**ABOUT THIS EXERCISE**
This exercise calls for the data below to be retyped exactly, minus any images.

**THE INPUT**
Segment Open
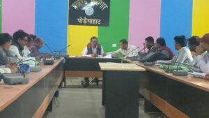 पोड़ैयाहाट प्रखंड सभागार कक्ष में बीडीओ फुलेश्वर मुर्मू की अध्यक्षता में समीक्षा बैठक आयोजित की गयी. बैठक में पंचायत सचिव, रोजगार सेवक, सहायक अभियंता तथा कनीय अभियंता उपस्थित थे. बीडीओ ने पूर्व बैठक में दिये गये निर्देशों की समीक्षा करते हुए उपस्थित सभी कर्मियों से बारी-बारी से संचालित योजनाओं की जानकारी ली. उन्होंने मनरेगा योजना से संबंधित कई आवश्यक निर्देश देते हुए कहा कि मनरेगा के तहत चल रहे कार्यों में तेजी लाने की आवश्यकता है. पशु शेड, आम बागवानी तथा दीदी बाड़ी योजना के कार्यों को निर्धारित प्रारूप के अनुसार जल्द पूरा किया जाये, ताकि लाभार्थियों को समय पर लाभ मिल सके. बीडीओ ने अबुआ आवास योजना को प्राथमिकता के आधार पर पूर्ण कराने का निर्देश दिया. उन्होंने बताया कि सरकार की गाइड लाइन व गोड्डा डीसी से प्राप्त दिशा-निर्देशों के अनुरूप सभी पंचायतों में सरकार की महत्वाकांक्षी योजनाओं को ग्रामीणों तक पहुंचाया जायेगा. इसके लिए आपकी योजना, आपकी सरकार, आपके द्वार कार्यक्रम को लेकर भी चर्च किया. उन्होंने सभी संबंधित अधिकारियों को तैयारी पूर्ण करने और यह सुनिश्चित करने का निर्देश दिया कि कार्यक्रम का आयोजन पंचायत भवन परिसर में किया जाये, ताकि पंचायत के अंतर्गत आनेवाले सभी ग्रामीणों को योजनाओं का पूर्ण लाभ मिल सके. मौके पर बीपीओ संजीव कुमार सहायक अभियंता इरफान अंसारी, जेई अभिषेक कुमार, सौरव यादव, रोजगार सेवक विवेक कुमार, रामकृष्ण झा, मोनिका सहित अन्य मौजूद थे.
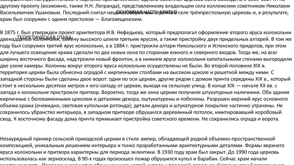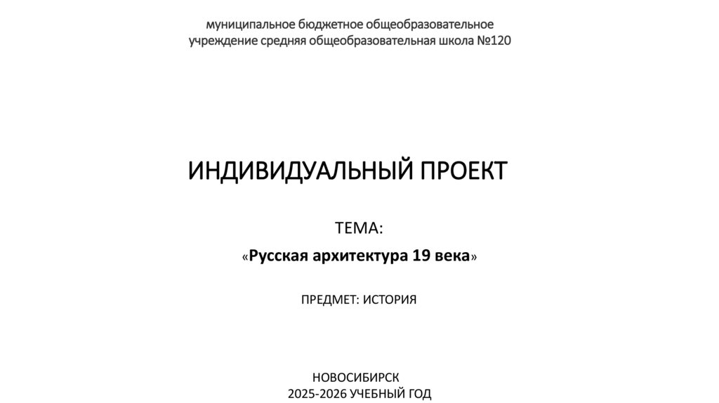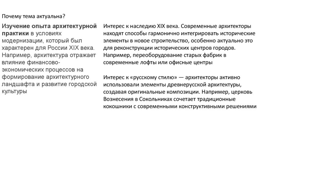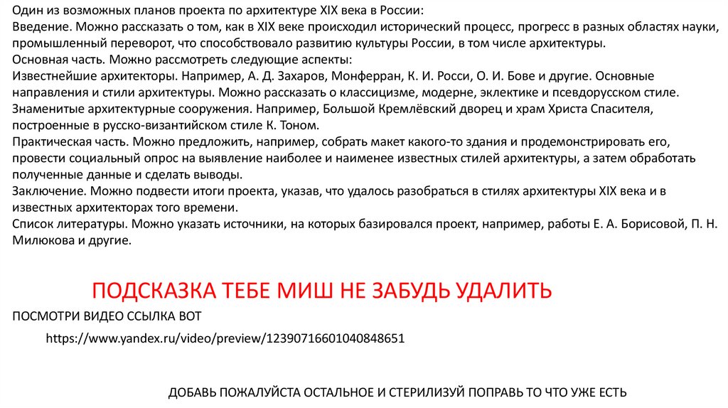 Один из возможных планов проекта по архитектуре XIX века в России:Введение. Можно рассказать о том, как в XIX веке происходил исторический процесс, прогресс в разных областях науки,
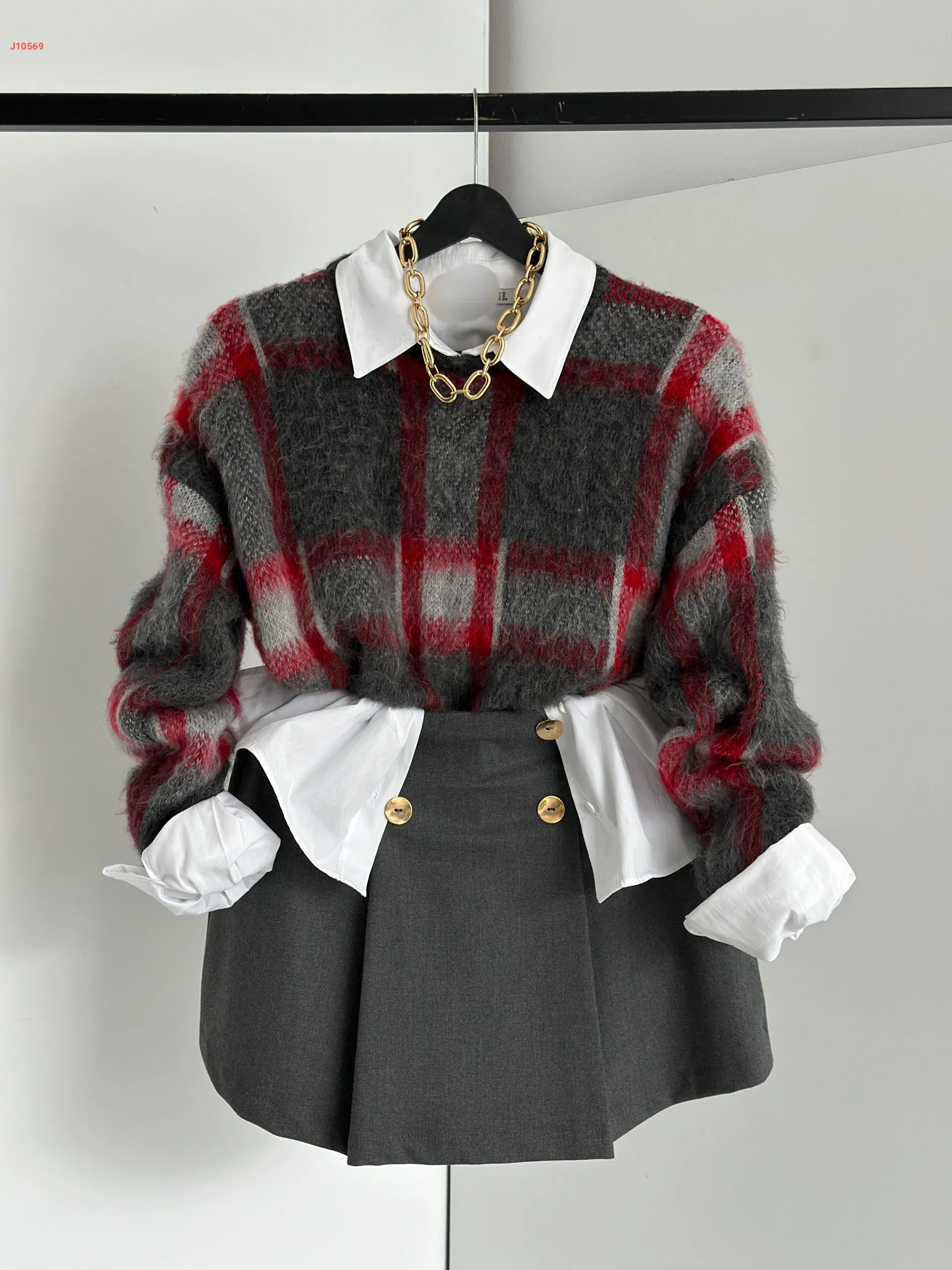 كنزة تريكو بياقة مادونا مع إ...
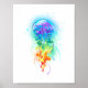 Large, iridescent, artistically drawn, bright jellyfish, with long tentacles on white, painted over with multicolored watercolor background. Rainbow jellyfish.
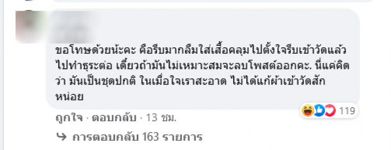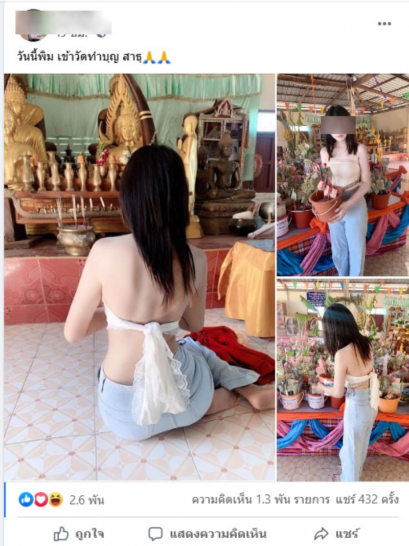 เรียกได้ว่าเป็นอีกหนึ่งเหตุการณ์ที่โซเชียลแห่วิพากษ์วิจารณฺ์กันเป็นจำนวนมาก หลังมีผู้ใช้เฟสบุ๊ครายหนึ่งได้ออกมาโพสต์ภาพหลังเข้าวัดทำบุญ แต่งานนี้ทำเอาชาวโซเชียลถล่มยับ กับชุดที่เธอนั้นใส่ไปวัดซึ้งไม่เหมาะสมเอามากๆ ทั้งนี้ผู้ใช้เฟสบุ๊คดังกล่าวยังได้ระบุข้อความว่า
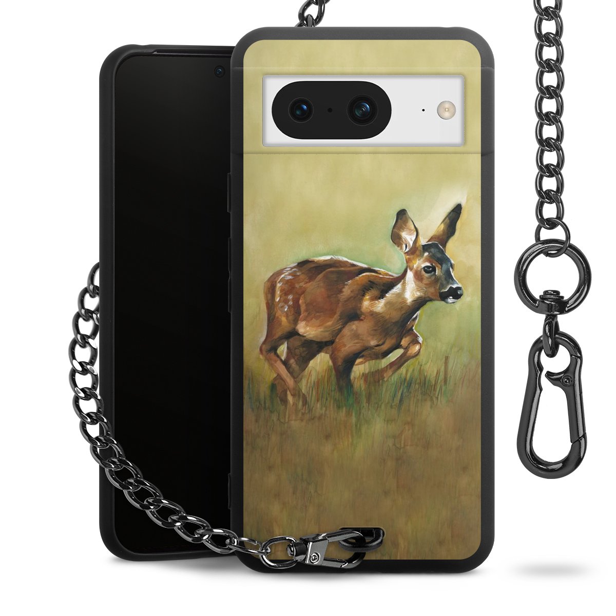 Die Handyhülle verfügt über eine mittig am unteren Rand platzierte Öse, an der die Metallkette stabil befestigt ist. Bestelle die Hülle einfach für Dein Smartphone-Modell, dann passt sie wie angegossen und Du brauchst sie bloß einmal anzudrücken. Handy in die Tasche, Karabiner an den Hosenbund – schon kann die Party starten.
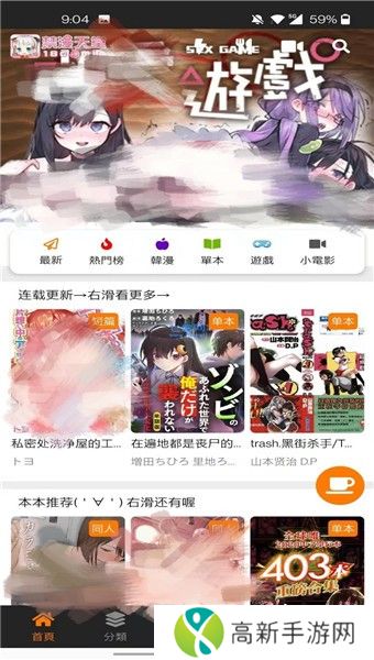 2、里面的漫画种类非常齐全丰富,用户可以根据种类选择自己喜欢看的漫画,或者也可以直接搜索名字来查找。
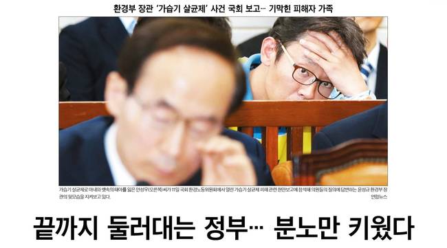 한국일보는 11일 국회 환경노동위원회에서 열린 가습기 살균제 피해 관련 현안보고에 참석한 윤성규 환경부 장관과 그 모습을 지켜보는 피해자 가족의 모습을 실었다.
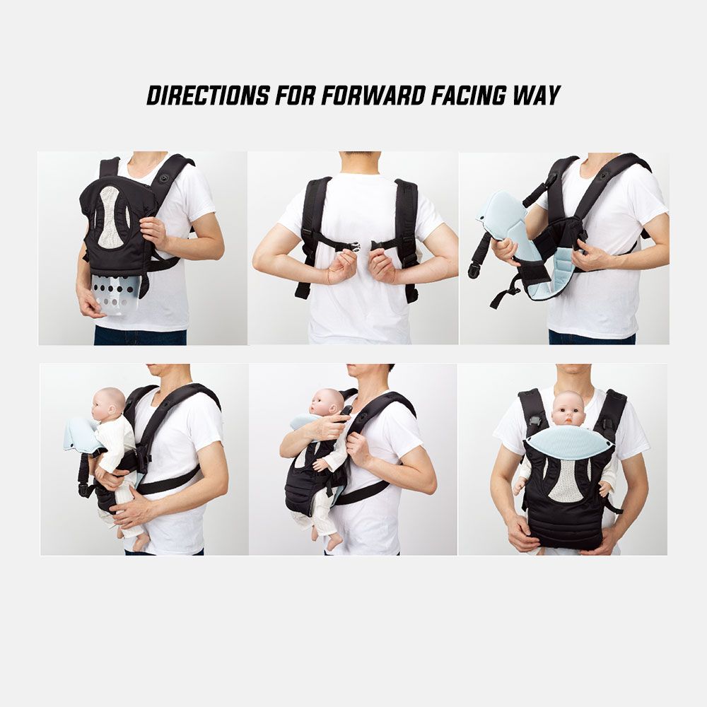 You can use it in different ways: lying down, facing forward, facing you, and as a backpack.
Segment Closed
**ANSWER AREA**
 पोड़ैयाहाट प्रखंड सभागार कक्ष में बीडीओ फुलेश्वर मुर्मू की अध्यक्षता में समीक्षा बैठक आयोजित की गयी. बैठक में पंचायत सचिव, रोजगार सेवक, सहायक अभियंता तथा कनीय अभियंता उपस्थित थे. बीडीओ ने पूर्व बैठक में दिये गये निर्देशों की समीक्षा करते हुए उपस्थित सभी कर्मियों से बारी-बारी से संचालित योजनाओं की जानकारी ली. उन्होंने मनरेगा योजना से संबंधित कई आवश्यक निर्देश देते हुए कहा कि मनरेगा के तहत चल रहे कार्यों में तेजी लाने की आवश्यकता है. पशु शेड, आम बागवानी तथा दीदी बाड़ी योजना के कार्यों को निर्धारित प्रारूप के अनुसार जल्द पूरा किया जाये, ताकि लाभार्थियों को समय पर लाभ मिल सके. बीडीओ ने अबुआ आवास योजना को प्राथमिकता के आधार पर पूर्ण कराने का निर्देश दिया. उन्होंने बताया कि सरकार की गाइड लाइन व गोड्डा डीसी से प्राप्त दिशा-निर्देशों के अनुरूप सभी पंचायतों में सरकार की महत्वाकांक्षी योजनाओं को ग्रामीणों तक पहुंचाया जायेगा. इसके लिए आपकी योजना, आपकी सरकार, आपके द्वार कार्यक्रम को लेकर भी चर्च किया. उन्होंने सभी संबंधित अधिकारियों को तैयारी पूर्ण करने और यह सुनिश्चित करने का निर्देश दिया कि कार्यक्रम का आयोजन पंचायत भवन परिसर में किया जाये, ताकि पंचायत के अंतर्गत आनेवाले सभी ग्रामीणों को योजनाओं का पूर्ण लाभ मिल सके. मौके पर बीपीओ संजीव कुमार सहायक अभियंता इरफान अंसारी, जेई अभिषेक कुमार, सौरव यादव, रोजगार सेवक विवेक कुमार, रामकृष्ण झा, मोनिका सहित अन्य मौजूद थे.
 Один из возможных планов проекта по архитектуре XIX века в России:Введение. Можно рассказать о том, как в XIX веке происходил исторический процесс, прогресс в разных областях науки,
 كنزة تريكو بياقة مادونا مع إ...
 Large, iridescent, artistically drawn, bright jellyfish, with long tentacles on white, painted over with multicolored watercolor background. Rainbow jellyfish.
 เรียกได้ว่าเป็นอีกหนึ่งเหตุการณ์ที่โซเชียลแห่วิพากษ์วิจารณฺ์กันเป็นจำนวนมาก หลังมีผู้ใช้เฟสบุ๊ครายหนึ่งได้ออกมาโพสต์ภาพหลังเข้าวัดทำบุญ แต่งานนี้ทำเอาชาวโซเชียลถล่มยับ กับชุดที่เธอนั้นใส่ไปวัดซึ้งไม่เหมาะสมเอามากๆ ทั้งนี้ผู้ใช้เฟสบุ๊คดังกล่าวยังได้ระบุข้อความว่า
 Die Handyhülle verfügt über eine mittig am unteren Rand platzierte Öse, an der die Metallkette stabil befestigt ist. Bestelle die Hülle einfach für Dein Smartphone-Modell, dann passt sie wie angegossen und Du brauchst sie bloß einmal anzudrücken. Handy in die Tasche, Karabiner an den Hosenbund – schon kann die Party starten.
 2、里面的漫画种类非常齐全丰富,用户可以根据种类选择自己喜欢看的漫画,或者也可以直接搜索名字来查找。
 한국일보는 11일 국회 환경노동위원회에서 열린 가습기 살균제 피해 관련 현안보고에 참석한 윤성규 환경부 장관과 그 모습을 지켜보는 피해자 가족의 모습을 실었다.
 You can use it in different ways: lying down, facing forward, facing you, and as a backpack.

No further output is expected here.